И как в чифирь глядел смотрящий, не прошло и часа, как открылась кормушка и Голицына заказали с вещами. Провожая Антона до дверей, Бес незаметно передал ему бритву и сказал на прощание:
— Спрячь, мент, под язык. Это твой самый последний аргумент в борьбе даже не за свою жизнь, а за то, что для мужика гораздо важнее, — честь. Запомни, на централе три пресс-хаты. Две на нашем корпусе и одна на пятом. Как только тебя подведут к этим хатам, сразу вскрывайся и на руках и на ногах. Их может остановить только кровь, много крови. В пресс-хате с тобой разбираться никто не будет. Удачи тебе, Князь, ох как она тебе сегодня ночью понадобится.

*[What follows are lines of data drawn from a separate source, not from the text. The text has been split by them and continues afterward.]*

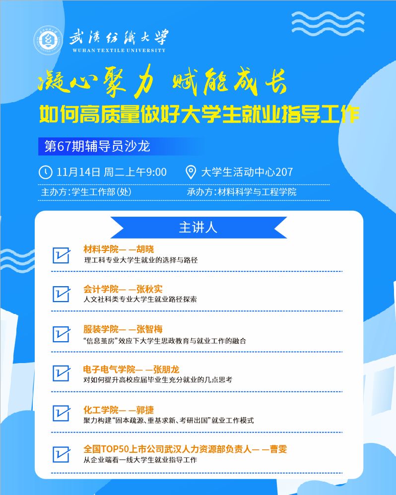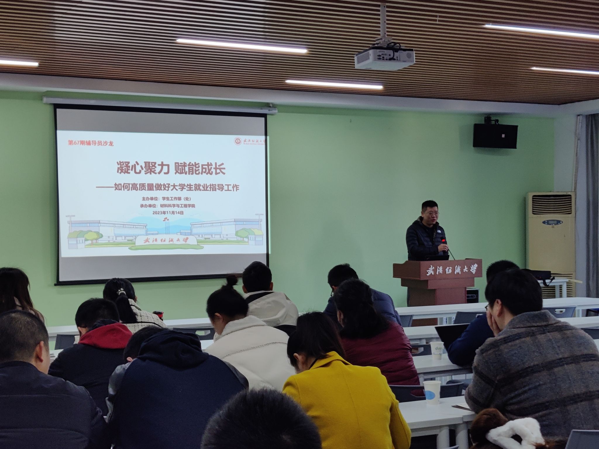为提升辅导员就业育人能力,促进毕业生更加充分更高质量就业,11月14日上午9时许,由学工部主办、6165cc金沙总站检测中心承办第67期辅导员主题沙龙在大学生活动中心207会议室顺利举行。学工部长张莎莎、部分学院党委副书记、辅导员代表参加。本次辅导员沙龙由6165cc金沙总站检测中心党委副书记魏剑主持。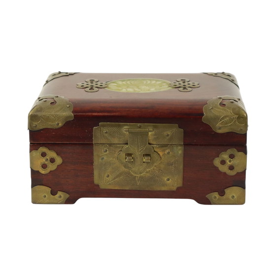 Antico portagioie cinese in legno di palissandro, con finiture in ottone e una placca di giada al centro del coperchio, all'interno una fodera rossa con decorazioni floreali in oro, seconda metà del XX secolo.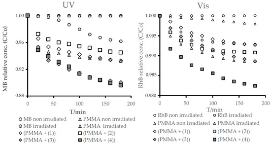 The photocatalytic activity of PMMA + TOCs foils (TOCs = (1)–(4)) was studied by monitoring the degradation processes of MB aqueous solution according to ISO 10678:2010 procedure and, also, Rhodamine B (RhB) solution [38,39,40]. Foil samples of sizes 10 × 10 mm were preconditioned by exposure to UVA or Vis light for 30 h. In the next step, foils were placed in quartz cuvettes with both dye solutions (V = 3.5 cm3 and C = 2.0 × 10−5 M). After 12 h in the dark, the solutions were replaced by the appropriate test of MB and RhB solutions (for both: V = 3.5 cm3 and C = 1.0 × 10−5 M). The prepared samples were exposed to UVA irradiation (18-W lamp, 340–410-nm range, with a maximum at 365 nm) and Vis light (77-W tungsten halogen lamp, range of 350–2200 nm). All cuvettes were covered with quartz glass panes during irradiation. MB absorbance at 660 nm and RhB absorbance at 554 nm were registered (Metertech SP-830 PLUS, Metertech, Inc., Taipei, Taiwan) after 0, 20, 40, 60, 80, 100, 120, 140, 160, and 180 min of irradiation. Percentage of MB decolorization was calculated using the equation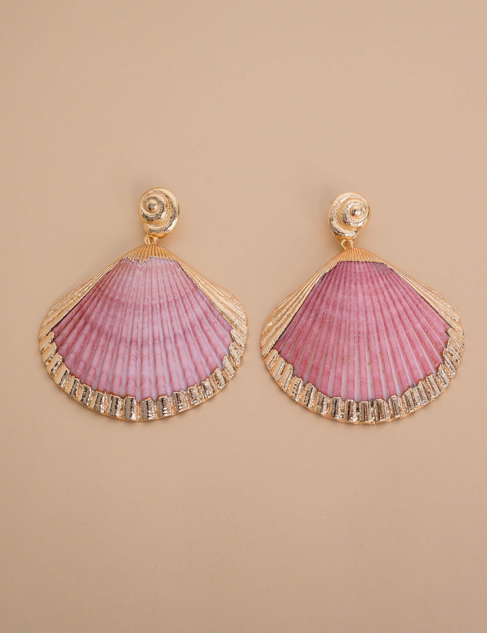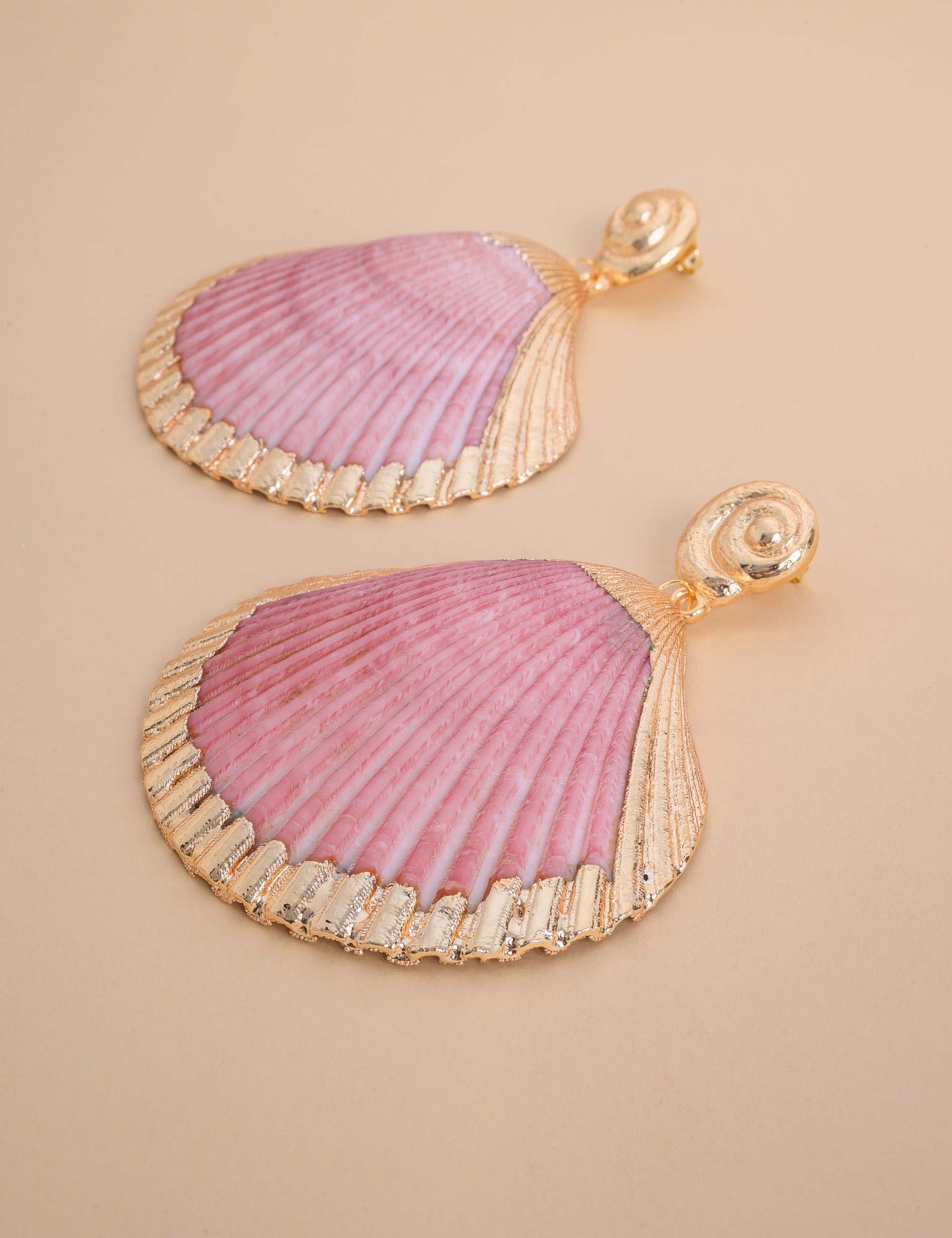 Brinco em formato de concha na cor rosa, banhado a ouro. Um modelo moderno e vibrante que traz leveza e estilo, ideal para compor produções cheias de personalidade.

— И тебе, Бес, не хворать.
Пройдя по коридору в сопровождении все того же бесформенно-бесполого контролера, Антон остановился у камеры, номер которой ему только что назвал Бес. Контролер широко открыл дверь и посторонился, пропуская Голицына. То, что увидел Антон, потрясло его воображение. В чистой, оклеенной красивыми обоями камере сидели всего пять человек. Трое огромных амбалов играли в карты за столом напротив двери, а двое, лежа на нарах, делали вид, что читают. Антона поразил не плазменный телевизор, не большой холодильник и прочие запрещенные режимом содержания вещи. Его поразила большая банка детского крема, стоящая на столе.
Так как арестованный замешкался, прапорщик попробовал подтолкнуть его. Антон, не оборачиваясь, схватил прапорщика за руку и неожиданно, сделав шаг в сторону, с силой толкнул его в камеру, резко захлопнул дверь и закрыл ее на два засова. Затем, не обращая внимания на крики и удары, доносящиеся из камеры, достал изо рта бритву, глубоко разрезал себе кожу на левом запястье, нажал на тревожную кнопку вызова спецназа, торчащую в стене, присел на корточки и истерично расхохотался. Антон не слышал грохота сапог бежавшего к нему спецназа. Он сидел, прислонившись к стене, и, продолжая тупо хохотать, пораженно смотрел, как из глубокого разреза мощными толчками вытекает красная от стыда и удивления кровь.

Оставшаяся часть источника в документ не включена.